Pittsburgh Sports Report
December 2007

Athlete of the Year
Sidney Crosby
By Bob Grove

Here at PSR, the criteria for selecting our Sportsman of the Year aren't complicated. We set out in pursuit of the area's best athlete based on his or her performance during the calendar year - nothing more, nothing less.

Once again this year, it benefited Sidney Crosby that we have no minimum age requirements. By the time he ceased being a teenager four months ago, the Penguins' celebrated center had already cemented his second straight honor.

Pasted onto the resumes of most of the players in the National Hockey League, Crosby's achievements over the past 12 months would serve very nicely as career highlights.

He became the youngest scoring champion in the history of team sports (that's any sport, folks) by claiming the Art Ross Trophy with 120 points as he pushed the Penguins back into the Stanley Cup playoffs for the first time since 2001.

He reached 200 career points quicker than any player in NHL history, racing by some guy named Wayne Gretzky. Crosby won the Hart Trophy as the league's Most Valuable Player and also became the youngest player ever awarded the Lester B. Pearson Award as the MVP as voted on by his peers.

He became the youngest player in NHL history to start in the All-Star Game since fan balloting began in 1986, and he became the youngest captain in NHL history when the Penguins sewed the "C" on his sweater last May.

Not a bad year, eh?

"You play to win, ultimately, but it's nice to be rewarded," Crosby said in looking back over an amazing 2007 that put the native of Cole Harbour, N.S. in his own historic neighborhood and squarely in the crosshairs of every other NHL team.
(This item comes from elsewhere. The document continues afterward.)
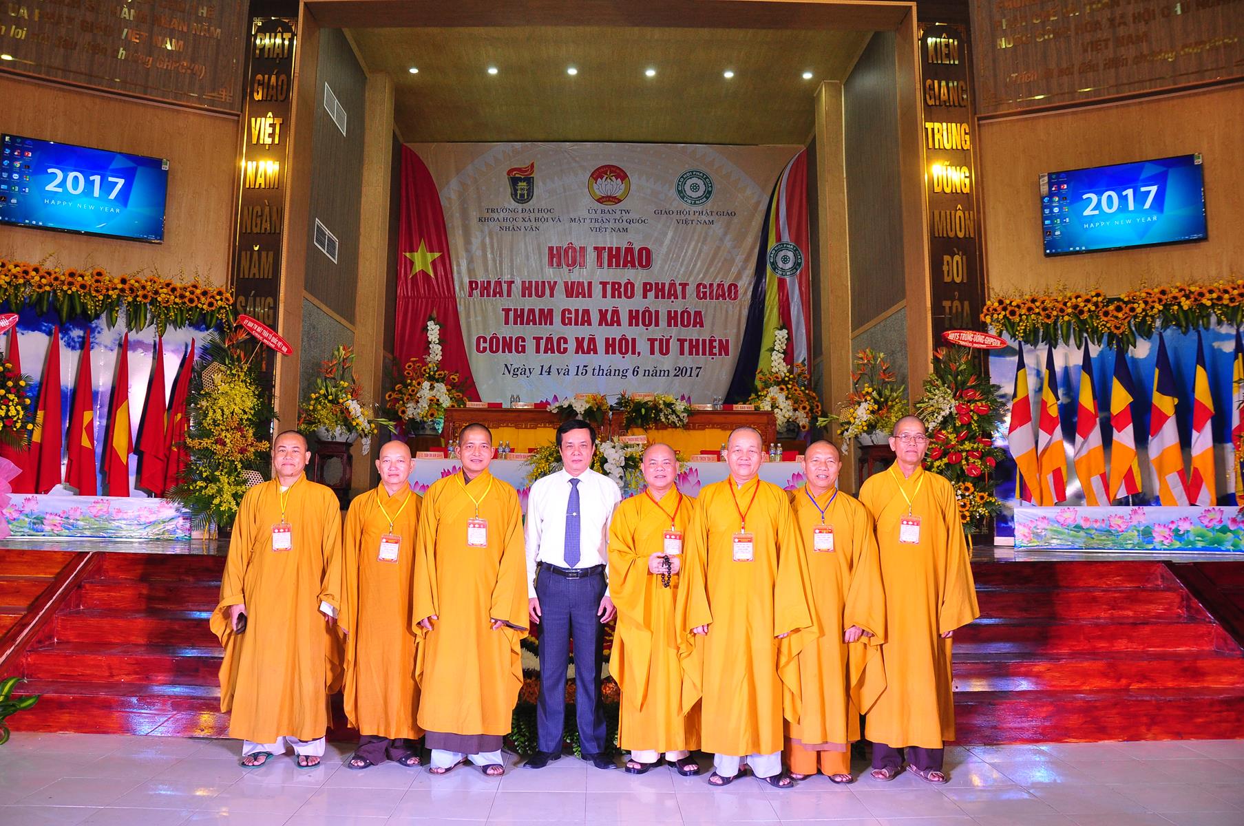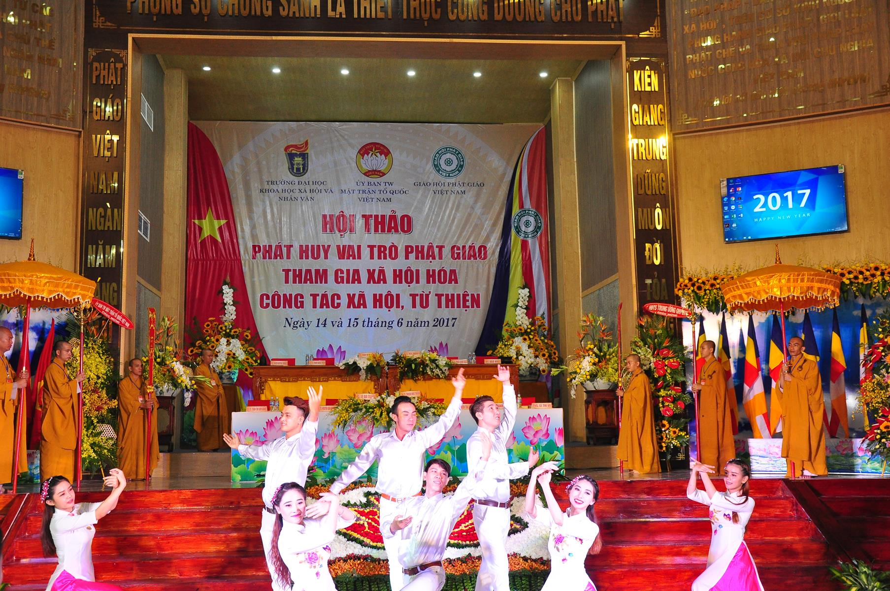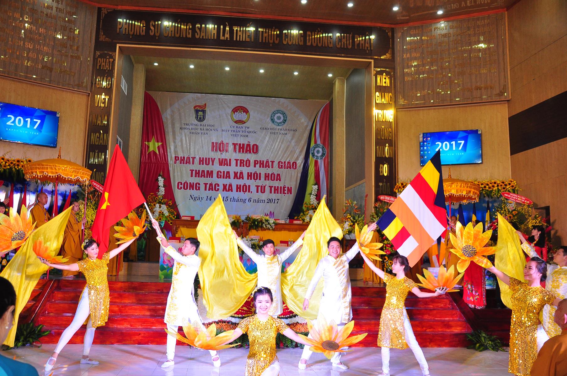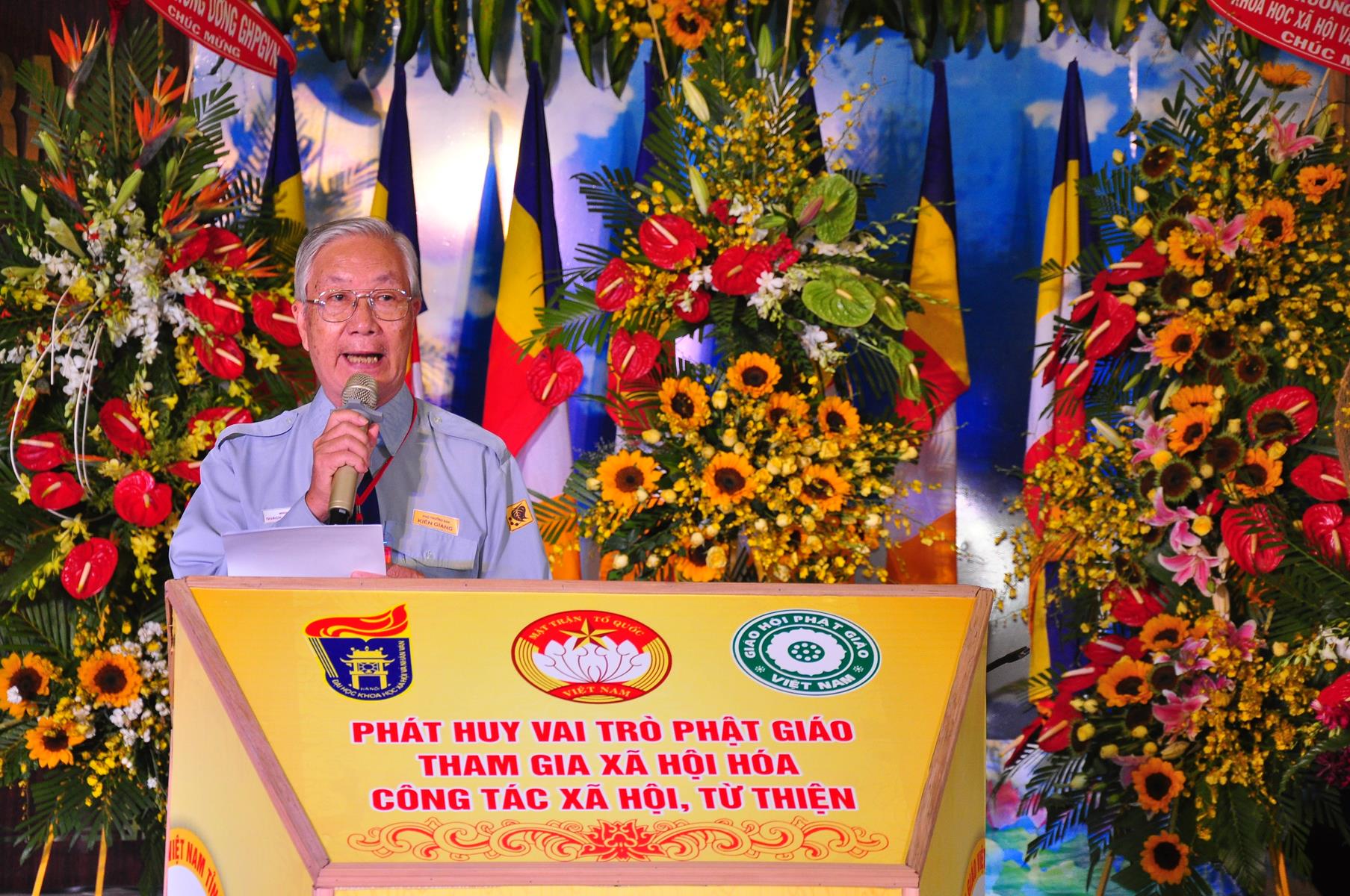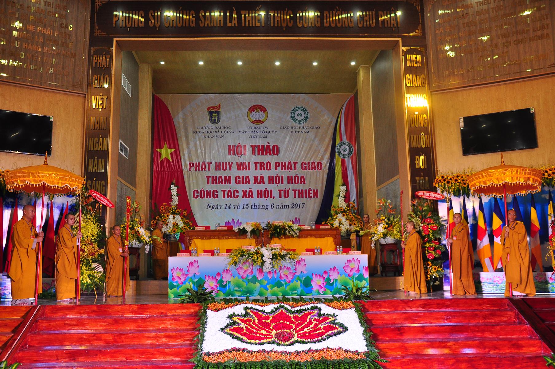 Sáng nay, vào lúc 08 giờ 00 ngày 14 tháng 6 năm 2017 (nhằm 20/5/Đinh Dậu) Giáo hội Phật giáo Việt Nam (Hội đồng Trị sự, Ban Từ thiện Xã hội TƯ, Phật giáo tỉnh Kiên Giang) kết hợp với Ủy ban Trung ương Mặt trận Tổ quốc Việt Nam và Trường Đại học Khoa học Xã hội & Nhân văn Hà Nội khai mạc hội thảo, chủ đề “Phát huy vai trò Phật giáo tham gia xã hội hóa công tác xã hội, từ thiện” tại hội trường Chùa Phật Quang, số 83 Quang Trung, P.Vĩnh Quang, TP. Rạch Giá, tỉnh Kiên Giang.

And that's perhaps one of the most significant aspects of Crosby's play over the past year. He won the scoring title in the season after he broke Mario Lemieux's team record for points by a rookie and became the focal point of every opponent's game plan. It's a challenge to which he's grown accustomed, both physically and mentally.

"It's like that with every team. You're playing against top defensemen, and basically their goal is to stop your line," he says. "That's a huge challenge for anyone, for anybody I play with and myself included. You have to be ready each and every night to battle through that.
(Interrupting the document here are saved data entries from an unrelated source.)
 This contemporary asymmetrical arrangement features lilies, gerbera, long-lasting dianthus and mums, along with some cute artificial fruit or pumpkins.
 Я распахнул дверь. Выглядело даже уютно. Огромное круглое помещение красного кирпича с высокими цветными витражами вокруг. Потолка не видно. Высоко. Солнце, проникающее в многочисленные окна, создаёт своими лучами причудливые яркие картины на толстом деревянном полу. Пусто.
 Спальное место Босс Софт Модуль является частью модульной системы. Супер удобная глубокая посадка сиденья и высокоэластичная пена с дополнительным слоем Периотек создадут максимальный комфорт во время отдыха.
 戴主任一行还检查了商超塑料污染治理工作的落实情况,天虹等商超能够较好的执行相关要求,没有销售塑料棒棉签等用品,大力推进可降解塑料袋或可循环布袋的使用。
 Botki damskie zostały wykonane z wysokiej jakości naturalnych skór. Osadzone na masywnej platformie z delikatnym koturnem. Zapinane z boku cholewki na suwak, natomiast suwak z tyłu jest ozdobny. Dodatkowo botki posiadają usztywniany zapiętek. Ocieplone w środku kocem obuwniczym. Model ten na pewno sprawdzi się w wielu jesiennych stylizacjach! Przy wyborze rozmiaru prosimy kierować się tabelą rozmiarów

"It's almost like a heavyweight fighter sometimes: you have to be ready every night, make sure you're ready to bring your best, because other teams are going to bring theirs."
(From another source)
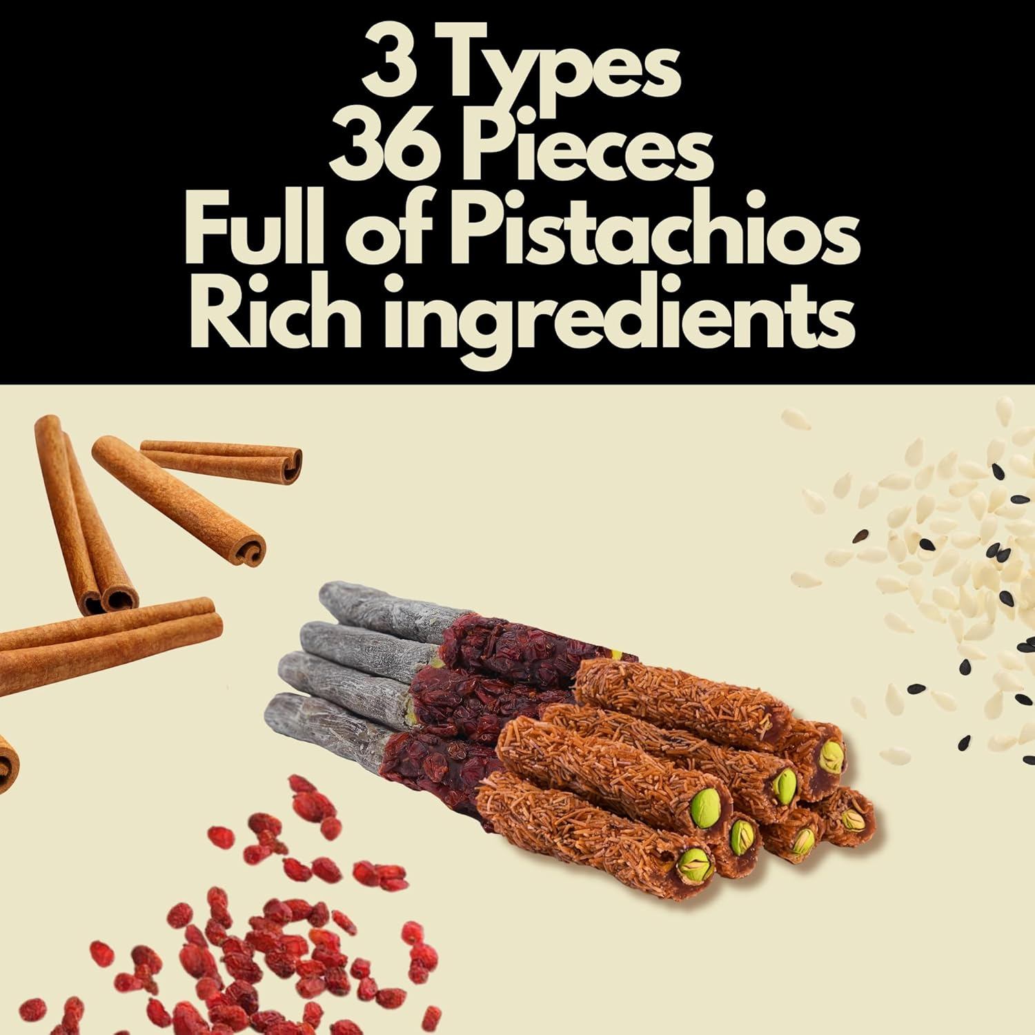 | Flavor | Cinnamon, Zereshk, Sesame |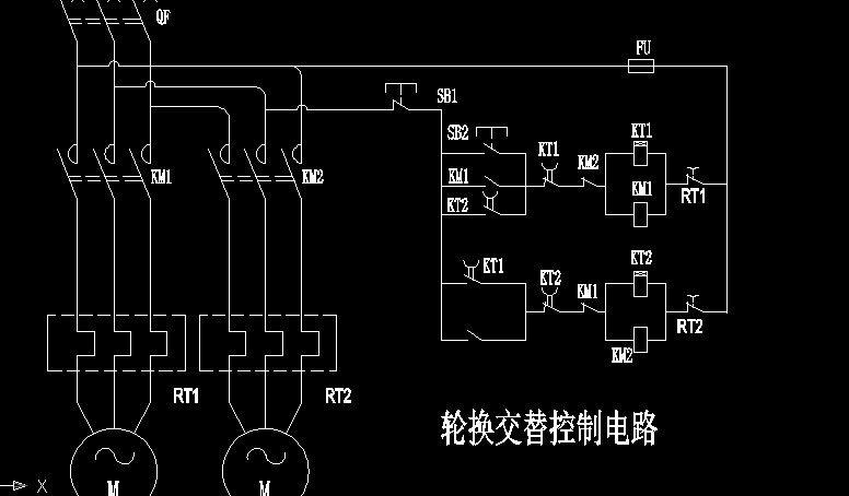 感覺這個電路不一定能實現,因為時間繼電器通斷時會出現競爭,可能無法在吸合或斷開的瞬間保證接觸器正常吸合并保持。應該將時間繼電器放在互鎖電路外。也就是用時間繼電器去保證電路的順序控制,互鎖去保證兩臺電機不同時運行。

Crosby also became the third player in NHL history to record 100 points in each of his first two seasons, and his two-season total of 222 points was the fifth-best two-season total in league history.

And he's showed no signs of slowing down this season. After 23 games, Crosby was tied for second in the NHL scoring race behind Tampa Bay's Vincent Lecavalier and had already put together a career-high 19-game scoring streak. Oh, and he also established himself as one of the NHL's best faceoff men as he ranked third (54.8 percent) among all players who had taken at least 400 faceoffs.

Just rounding out the old game, you know.

Or prepping for another run at PSR's Sportsman of the Year next year.